Clearly we have problems. Is it too much tech? Reliance on cell phones, texting, apps and the internet has put the whole world at our fingertips, with access to information and answers to questions that range from the most serious to the silliest. Yet these tools are facilitating personal divisions on a grand scale. In small business ownership, everything is personal. I think this is all holding back our potential for growing the strong personal relationships that are among our most important assets.

Expert ability to deploy the art of communication is a special gift. My wife Marcia is one of these rare individuals who still sits and writes letters to her dearest and closest friends by hand. When is the last time any of you received a handwritten letter?

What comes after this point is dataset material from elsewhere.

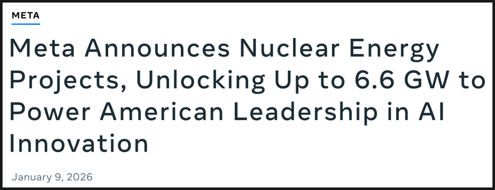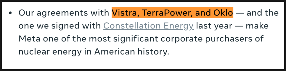 이번 계약의 상대는 비스트라, 테라파워, 오클로 세 곳이고, 작년에 계약했던 콘스텔레이션 에너지까지 합치면 메타는 미국 역사상 가장 큰 민간 원자력 전력 구매자 중 하나가 됩니다. 빅테크 기업이 원자력의 ‘최대 고객’으로 등장한 셈이죠.

The time another person takes to do this for you is precious and personal, and should be treasured. They are freely giving you a part of themselves. I wager we could use this to effect by delivering such hand-written letters of appreciation to our brokers, customers or service providers (people like shop owners).

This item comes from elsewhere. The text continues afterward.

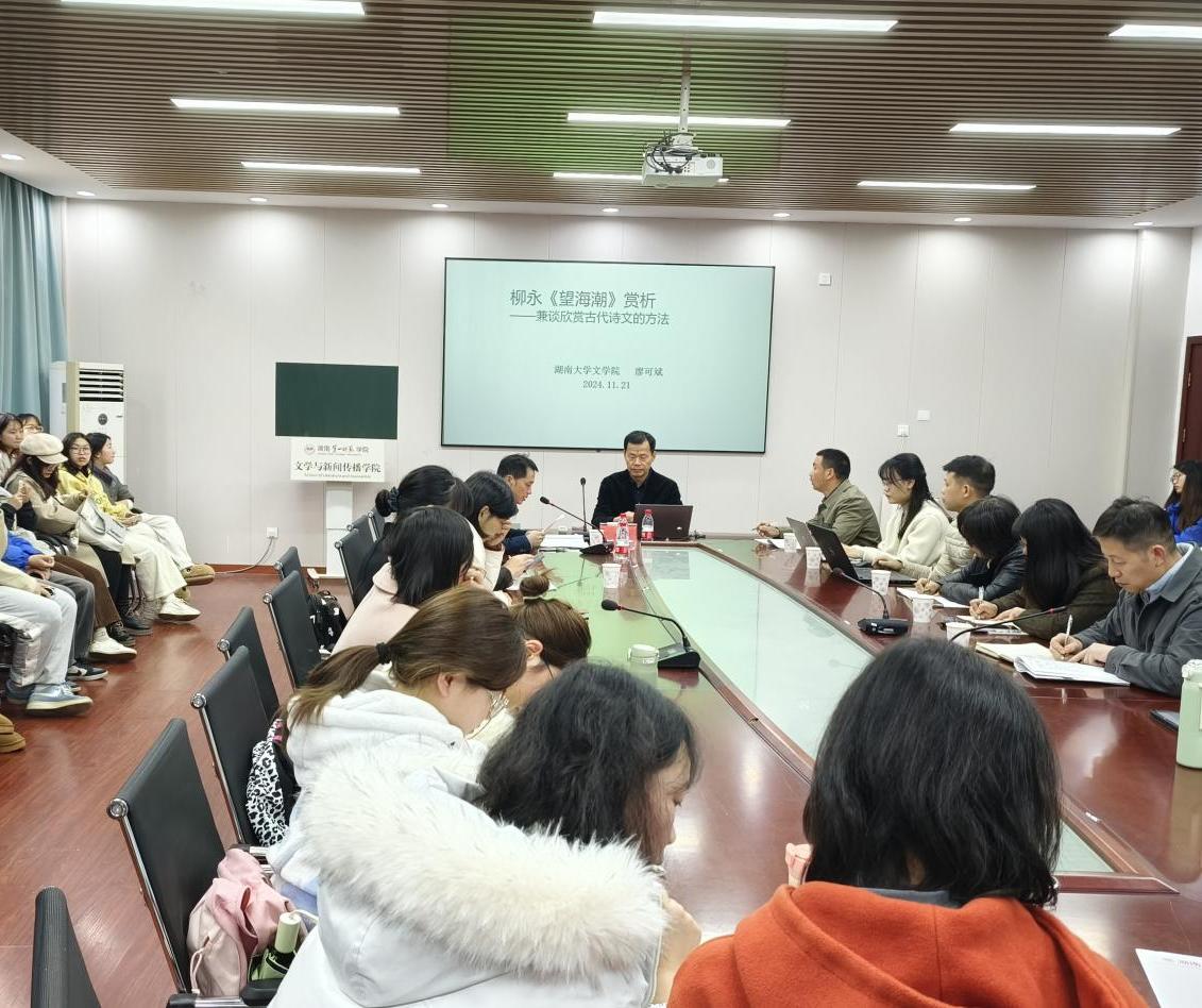 2024年11月21日,湖南大学文学院廖可斌教授应邀来院开展题为“柳永《望海潮》赏析——兼谈欣赏古代诗文的方法”的学术讲座。AV中文字幕在线观看院长龙永干、副院长杨水远,汉语言文学系教师及23级润之英才班全体同学等百余名师生参加了本次讲座。讲座由院长龙永干主持。

Though the ever-faster-paced pressure cooker of a small trucking business is certainly time-consuming, the biggest roadblock to effective communication isn’t time. Too often, when we feel the pressure, we take out our frustrations on the weakest link. Our biggest personal roadblock, I believe, is anger.

We’ve all probably experienced road rage on both ends. Several times in a day or a week we hang up the phone or walk out of a business with the hope that we got in the last word — not as a resolution for a problem, but for that feeling that we won the argument. We are ticked off and we want them to know it!

There’s a reason I use the first-person plural we here. I’m not perfect, but of course. Just today, I was in one of these situations. I’m not proud of how I came across to the customer. The problem was resolved in the end, yes, but not without a few unnecessary exchanges. Next time, I’ll handle things differently because of the experience.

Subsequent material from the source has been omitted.